Return of the Golden Fleece

The late Wisconsin Senator William Proxmire issued a monthly Golden Fleece Award to public officials who bestowed taxpayers’ funds on risible projects. Senator Proxmire issued the award for more than a decade until he retired from the Senate in 1989. Proxmire was a vanishing breed of Democrat who purported to oppose government waste while supporting all the Great Society programs that really opened the spigots, yet the spirit of his Golden Fleece Award survives in the great Oklahoma Senator Tom Coburn (Republican).

Senator Coburn has taken to issuing annual editions of his Wastebook to pay tribute to the kind of projects that Proxmire ridiculed on a monthly basis. Senator Coburn has just posted the fourth annual edition of his Wastebook here along with a press release identifying highlights here.

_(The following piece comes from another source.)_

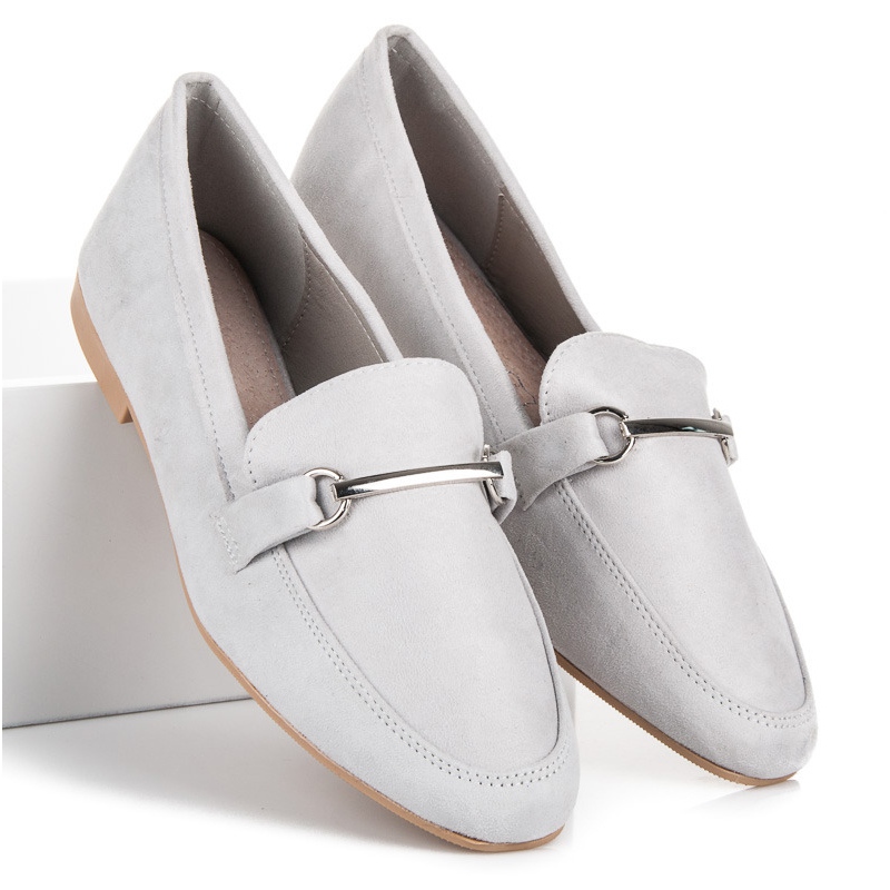 Descoperiți eleganța și confortul cu mocasinii de damă VICES într-o culoare gri la modă. Acești pantofi stilați cu vârfuri ascuțite sunt o alegere perfectă pentru femeile care apreciază cele mai noi tendințe de modă. Decorațiile metalice delicate adaugă o eleganță unică, făcându-le o completare perfectă atât stilurilor de zi cu zi, cât și de seară.

The New York Times obituary of Senator Proxmire recalls that one of his Golden Fleece awards went to the National Science Foundation for spending $84,000 to learn why people fall in love. One can see the continuity between Proxmire and Coburn in this year’s edition of the Wastebook. Senator Coburn identifies an even bigger waste of money for an even less worthy project brought to us by then Chairman Jim Leach’s National Endowment for the Humanities. Let’s hear it for The Popular Romance Project: the NEH has awarded it nearly $1 million since 2010 to “explore the fascinating, often contradictory origins and influences of popular romance as told in novels, films, comics, advice books, songs, and internet fan fiction, taking a global perspective—while looking back across time as far as the ancient Greeks.”

You may recall that as a candidate for president in 2008 Barack Obama promised to “go through the budget line by line [and] eliminate programs that don’t work.” Have the fact checkers weighed in on that one yet?